[Opening SUPPLIED DATA section]

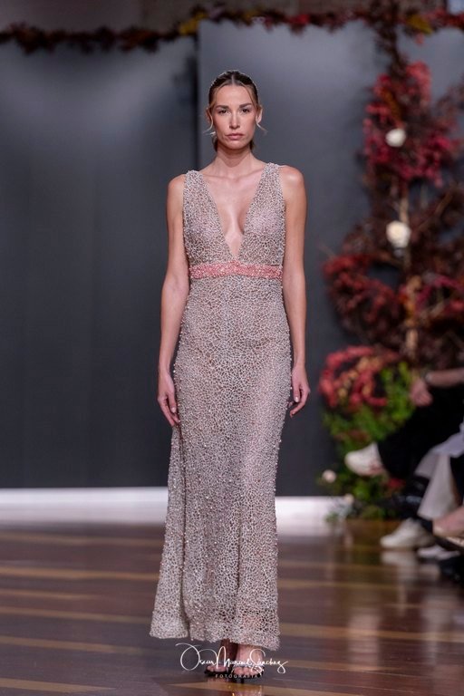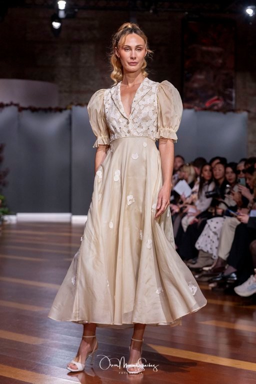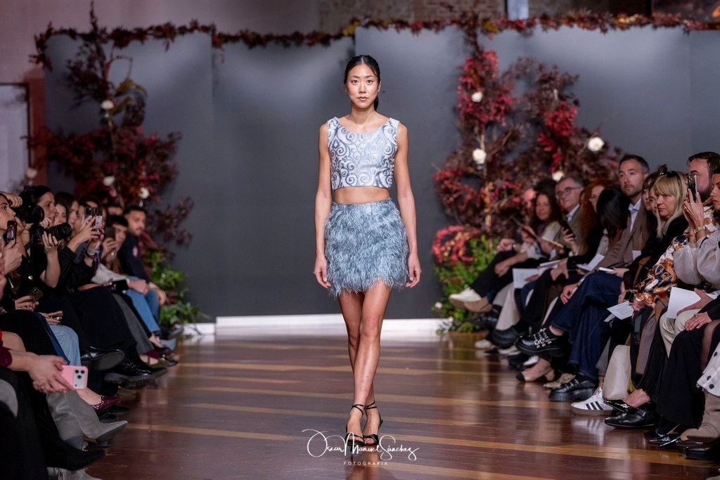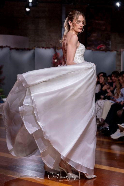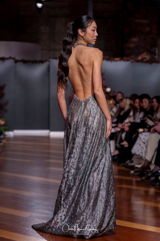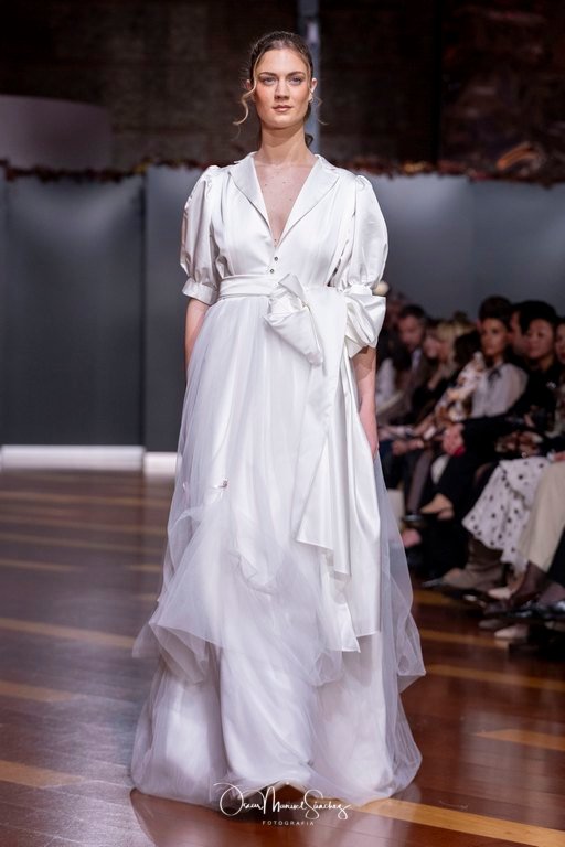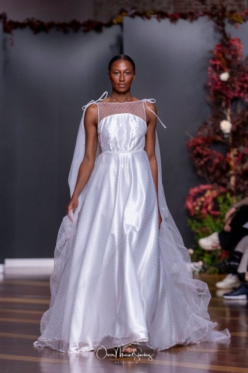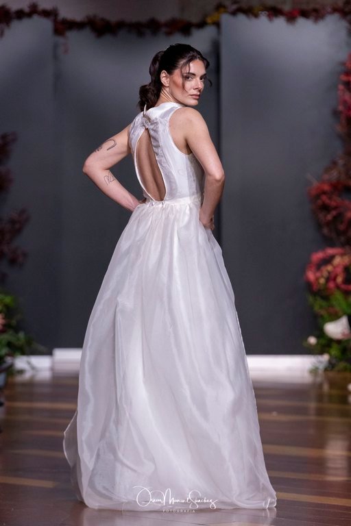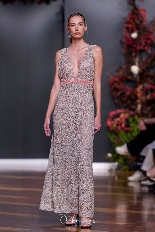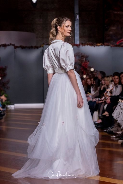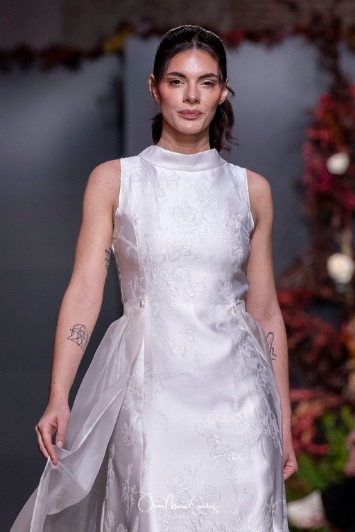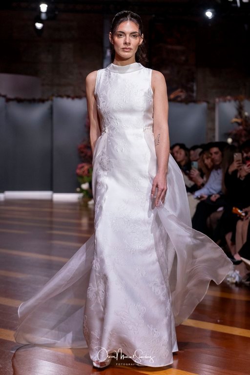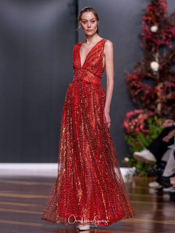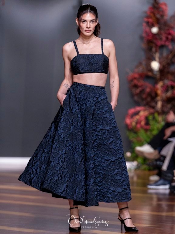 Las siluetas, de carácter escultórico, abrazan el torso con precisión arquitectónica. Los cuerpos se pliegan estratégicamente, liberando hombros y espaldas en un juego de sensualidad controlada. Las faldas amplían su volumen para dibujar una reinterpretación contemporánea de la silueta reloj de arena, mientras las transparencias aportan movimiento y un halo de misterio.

[Closing SUPPLIED DATA section]
[Opening SUPPLIED DATA section]

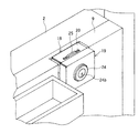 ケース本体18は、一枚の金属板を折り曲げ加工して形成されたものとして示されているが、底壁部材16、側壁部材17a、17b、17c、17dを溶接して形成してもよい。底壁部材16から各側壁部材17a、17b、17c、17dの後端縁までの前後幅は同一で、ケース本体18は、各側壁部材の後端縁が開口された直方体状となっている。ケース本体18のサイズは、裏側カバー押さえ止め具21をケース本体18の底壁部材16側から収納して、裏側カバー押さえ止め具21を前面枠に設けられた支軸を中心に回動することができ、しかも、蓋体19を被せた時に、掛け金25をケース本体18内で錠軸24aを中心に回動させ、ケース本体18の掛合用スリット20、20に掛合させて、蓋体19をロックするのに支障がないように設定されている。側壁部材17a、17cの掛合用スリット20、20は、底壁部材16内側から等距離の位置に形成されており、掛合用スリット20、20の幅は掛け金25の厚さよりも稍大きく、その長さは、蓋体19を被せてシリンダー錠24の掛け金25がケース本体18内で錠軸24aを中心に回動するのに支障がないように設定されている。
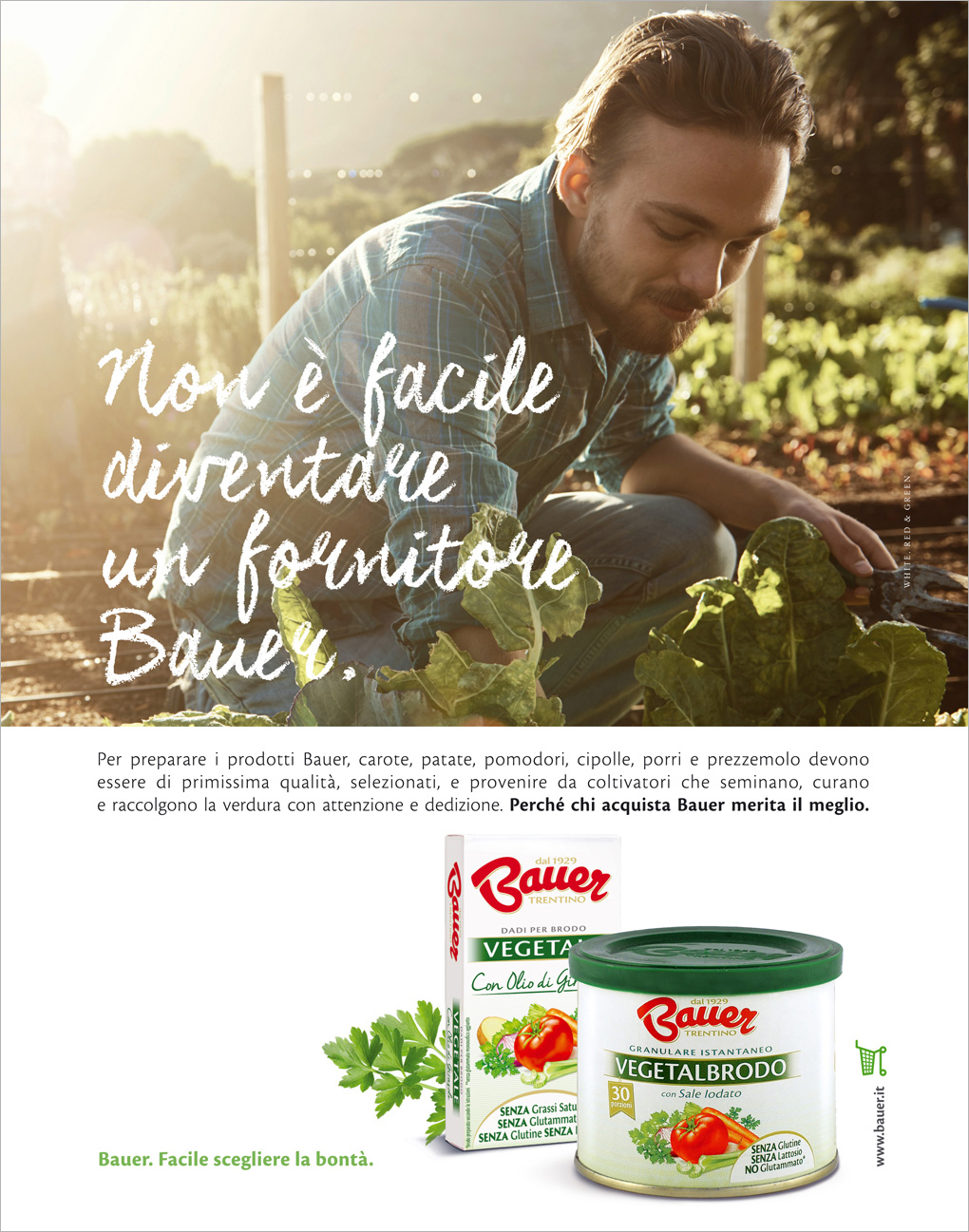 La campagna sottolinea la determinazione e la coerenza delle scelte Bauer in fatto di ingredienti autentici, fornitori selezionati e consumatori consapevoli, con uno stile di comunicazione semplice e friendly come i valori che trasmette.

[Closing SUPPLIED DATA section]

- TASK GOAL
Reproduce exactly the lines of the data above that run from the line with "ケース本体18は、一枚の金属" down to the line with "La campagna sottolinea", both ends included. Pictures do not belong in the copy.

- WRITTEN REPLY
 ケース本体18は、一枚の金属板を折り曲げ加工して形成されたものとして示されているが、底壁部材16、側壁部材17a、17b、17c、17dを溶接して形成してもよい。底壁部材16から各側壁部材17a、17b、17c、17dの後端縁までの前後幅は同一で、ケース本体18は、各側壁部材の後端縁が開口された直方体状となっている。ケース本体18のサイズは、裏側カバー押さえ止め具21をケース本体18の底壁部材16側から収納して、裏側カバー押さえ止め具21を前面枠に設けられた支軸を中心に回動することができ、しかも、蓋体19を被せた時に、掛け金25をケース本体18内で錠軸24aを中心に回動させ、ケース本体18の掛合用スリット20、20に掛合させて、蓋体19をロックするのに支障がないように設定されている。側壁部材17a、17cの掛合用スリット20、20は、底壁部材16内側から等距離の位置に形成されており、掛合用スリット20、20の幅は掛け金25の厚さよりも稍大きく、その長さは、蓋体19を被せてシリンダー錠24の掛け金25がケース本体18内で錠軸24aを中心に回動するのに支障がないように設定されている。
 La campagna sottolinea la determinazione e la coerenza delle scelte Bauer in fatto di ingredienti autentici, fornitori selezionati e consumatori consapevoli, con uno stile di comunicazione semplice e friendly come i valori che trasmette.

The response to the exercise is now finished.